CHICAGO (JTA) — Taylor Clearfield went to the airport Friday to welcome a Syrian refugee family. The next day, she returned with a sign to protest the ban on refugees entering the United States.
President Donald Trump had enacted the prohibition via executive order on Friday afternoon, between Clearfield’s two trips. She had anticipated the development, but hearing that it had actually happened added a sense of urgency to the work she had been doing for refugees through her local synagogue.
“Saturday night, we felt like we were just doing something to add to the momentum of this opposition against Trump’s hateful rhetoric,” said Clearfield, who joined hundreds in demonstrating against the ban. “We couldn’t just go about our regular lives while people are being detained in the airport. I just kept thinking about how I would feel as a mother if I were separated from my family. I would want people to bring awareness.”

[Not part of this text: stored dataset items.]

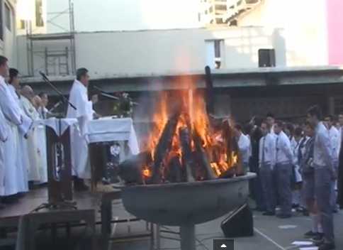 La eucaristía fue concelebrada por los padres inspectores Honorio Caucamán y Manuel Cayo, y por un grupo de salesianos sacerdotes de diferentes regiones del país. Se inició la santa misa encendiendo los leños que cada batallón llevó, como signo de su presencia, como también el fogón, la tradición de todo campamento.
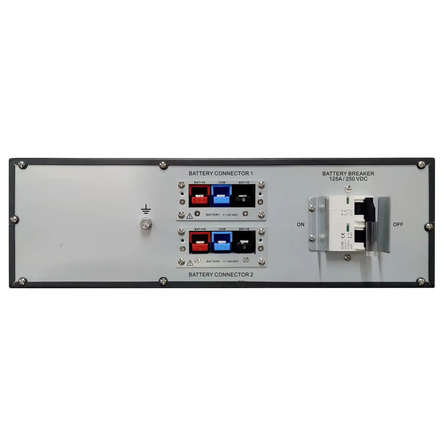 Battery options are available in various capacities, ranging from 5180 VAh to 17430 VAh, allowing you to choose the appropriate capacity for your power requirements. The UPS features a multifunction LCD control panel, offering easy monitoring and control. It also supports emergency power off functionality, allowing you to quickly shut down the UPS in critical situations.
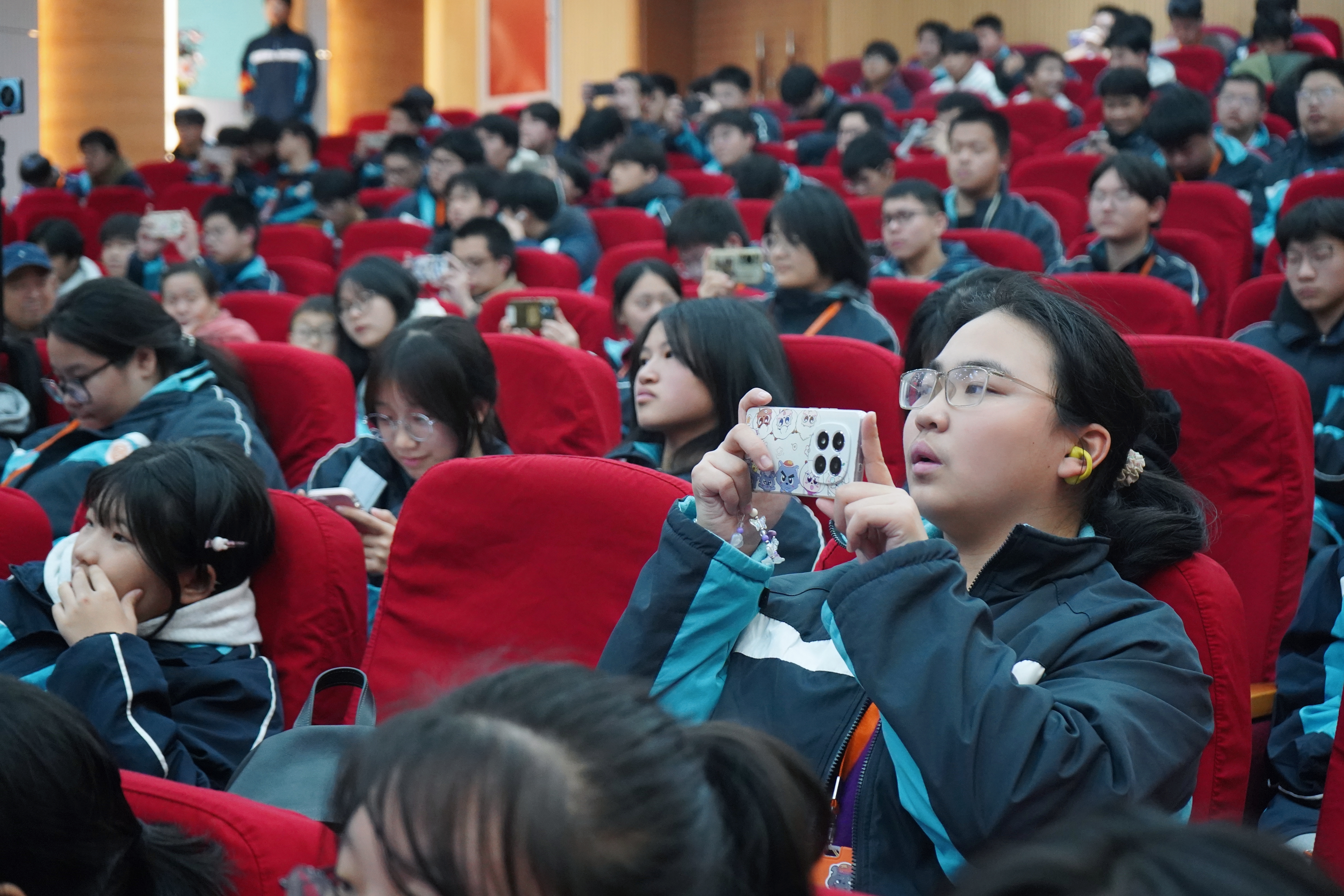 整场音乐会不仅是听觉的享受,更是一次生动的美育课堂。台下同学们展现出良好的艺术素养与观赏礼仪,他们专注聆听、热情互动,不少人悄悄举起手机,记录下一个个精彩瞬间。秩序井然之中涌动着青春的共鸣,音乐成为连接台上与台下、专业与业余、艺术与生活的无形纽带。

Clearfield was one of some 20 members of Am Shalom, a Chicago-area Reform synagogue, who came to O’Hare International Airport on Friday to take in a Syrian family of four. The synagogue has raised $60,000 to help resettle the family in conjunction with a resettlement agency called RefugeeOne, and is now providing food, clothing, furniture, guidance on day-to-day life in the United States and tutoring for the children. Clearfield, a member of Am Shalom’s clothing committee, has contributed socks and underwear.
But the family, which arrived via a refugee camp in Turkey, is one of the last groups of Syrians that will be allowed to enter the U.S. in the near future. Trump’s executive order prohibits for 120 days all refugees from entering the country, with an indefinite ban on those from Syria. Citizens of Iran, Iraq, Libya, Somalia, Sudan, Syria and Yemen are barred from entry for 90 days.
“We didn’t know when the order would be signed,” said Rabbi Steven Lowenstein of Am Shalom. “We were texting and calling each other all throughout those days, not knowing if the family was going to get on the flight, if they were going to make it, not going to make it.”
Am Shalom, which in past decades has welcomed refugees from Cambodia and Chile, decided last year that it wanted to help resettle a Syrian family. It began expediting the process after the election of Trump, who as a candidate had pledged to ban Muslims from entering the U.S..
The synagogue has raised enough money to resettle a second family, and has furniture and other supplies sitting in a storage unit for when Trump’s ban ends.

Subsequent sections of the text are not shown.